*Exercise directions*. For each record, copy the text exactly and omit any picture it holds.

*Material provided*.
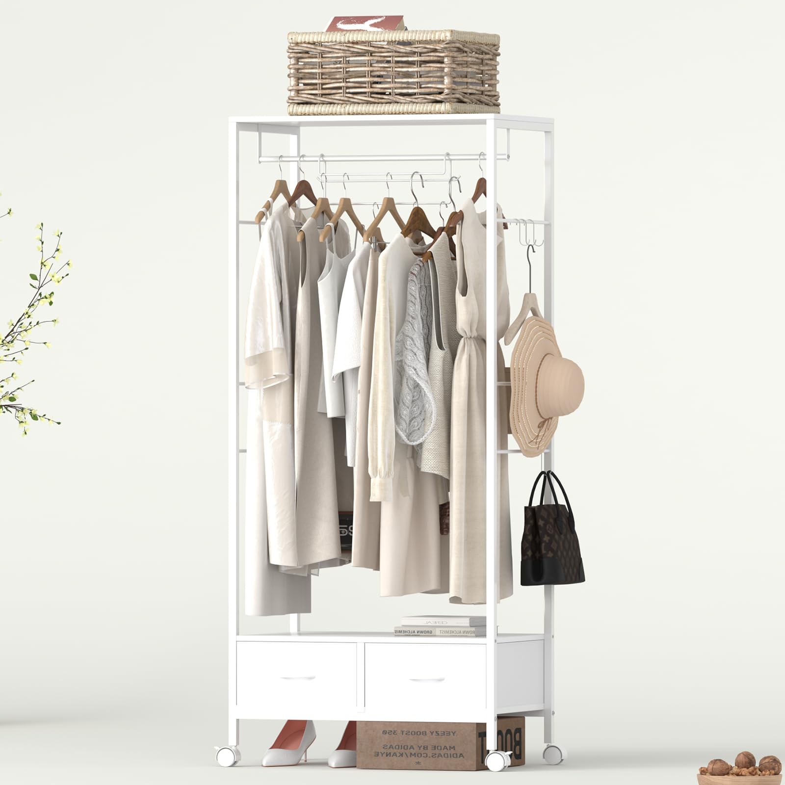 【まとめ買いで最大1000円OFFクーポン!】【送料無料】スリムハンガーラック 幅70奥行き42高さ160cm 総耐荷重80kg ロング丈の服を収納 移動式/固定式2WAY 引き出し2個付き 耐震転倒防止パーツ付き 組立簡単 おしゃれ収納 クローゼット ワードローブ (ホワイト) 8,827 ~
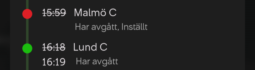 Trafikinformation är svårt ibland.. Men Trafikverkets trafikinfo på vad som då är SJ X2 544 är tämligen tydlig med att tåget varit inställt köpenhamn-malmö men sedan avgått Malmö C som planerat. Det här är tyvärr en känd bugg i systemen som ger dessa effekter. Om någon nånsin kommer åtgärda dem? vem vet.. Och alla med en bokad biljett borde ha fått information om att åka Öresundståg istället. Så ja , det ser konstigt ut, men om någon faktiskt blev från åkt, jag tvivlarSchrödingers snabbtåg både avgår och är inställt!
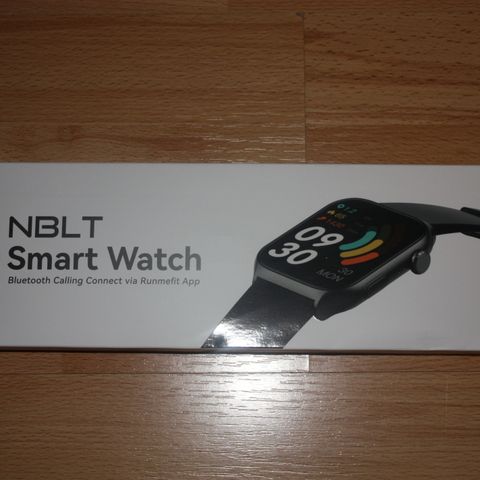 NBLT Smart Watch smartklokke med svart reim. Klokken har funksjoner som Bluetooth-tilkobling og støtte for Runmelt-appen. Designet for generell bruk.
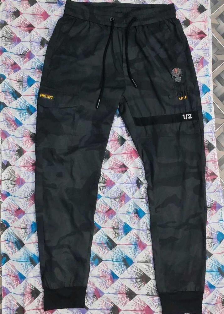 Cool camo print cargo pants with unique graphic details. These lightweight pants feature a comfortable drawstring waist and cuffed ankles for a modern fit. Perfect for casual wear or streetwear styles. Add a touch of edge to your wardrobe with these statement cargo pants.
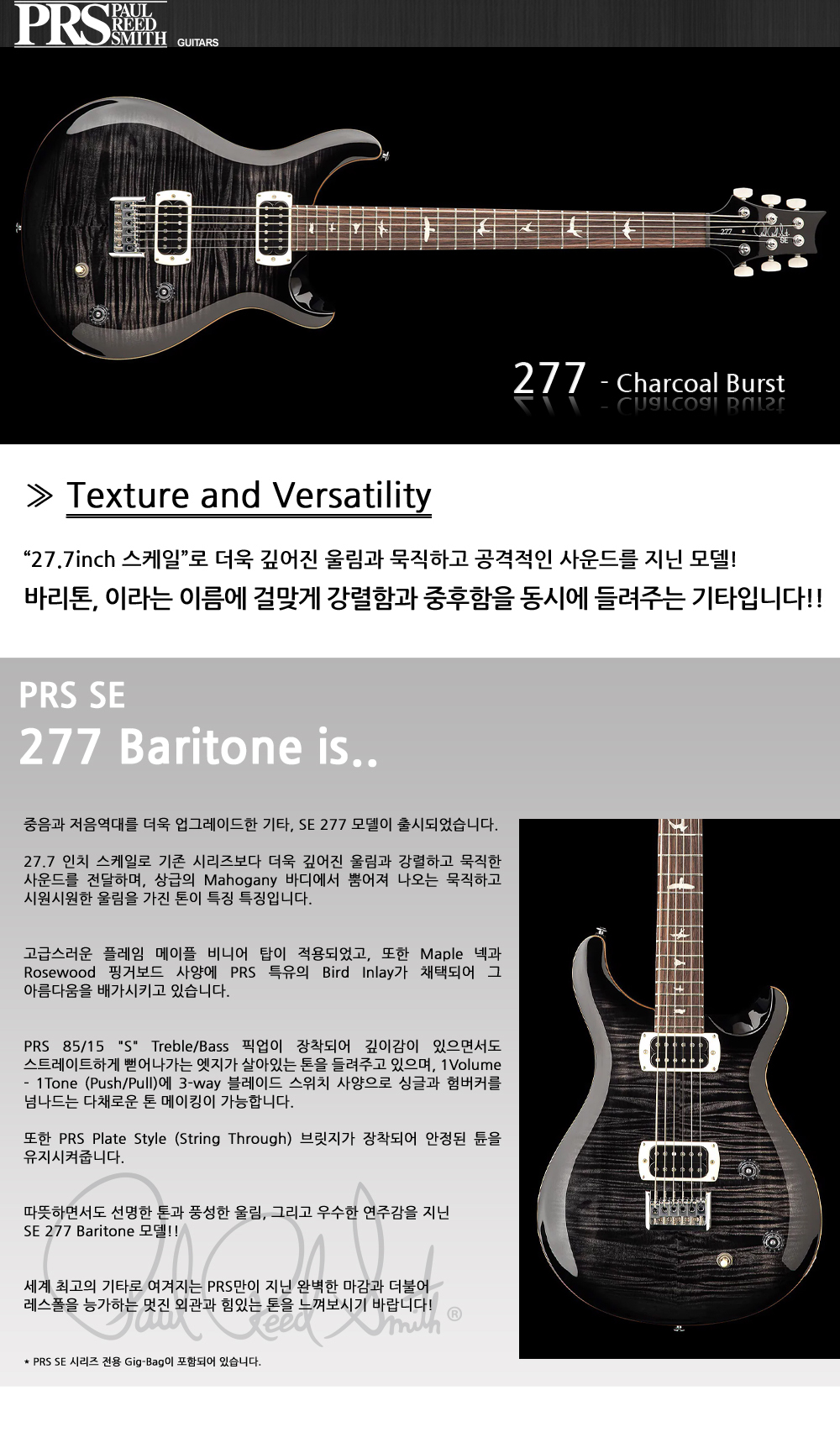 [PRS SE 2026] 277 - Charcoal Burst 바리톤 27.7인치 스케일

*Task response*.
 【まとめ買いで最大1000円OFFクーポン!】【送料無料】スリムハンガーラック 幅70奥行き42高さ160cm 総耐荷重80kg ロング丈の服を収納 移動式/固定式2WAY 引き出し2個付き 耐震転倒防止パーツ付き 組立簡単 おしゃれ収納 クローゼット ワードローブ (ホワイト) 8,827 ~
 Trafikinformation är svårt ibland.. Men Trafikverkets trafikinfo på vad som då är SJ X2 544 är tämligen tydlig med att tåget varit inställt köpenhamn-malmö men sedan avgått Malmö C som planerat. Det här är tyvärr en känd bugg i systemen som ger dessa effekter. Om någon nånsin kommer åtgärda dem? vem vet.. Och alla med en bokad biljett borde ha fått information om att åka Öresundståg istället. Så ja , det ser konstigt ut, men om någon faktiskt blev från åkt, jag tvivlarSchrödingers snabbtåg både avgår och är inställt!
 NBLT Smart Watch smartklokke med svart reim. Klokken har funksjoner som Bluetooth-tilkobling og støtte for Runmelt-appen. Designet for generell bruk.
 Cool camo print cargo pants with unique graphic details. These lightweight pants feature a comfortable drawstring waist and cuffed ankles for a modern fit. Perfect for casual wear or streetwear styles. Add a touch of edge to your wardrobe with these statement cargo pants.
 [PRS SE 2026] 277 - Charcoal Burst 바리톤 27.7인치 스케일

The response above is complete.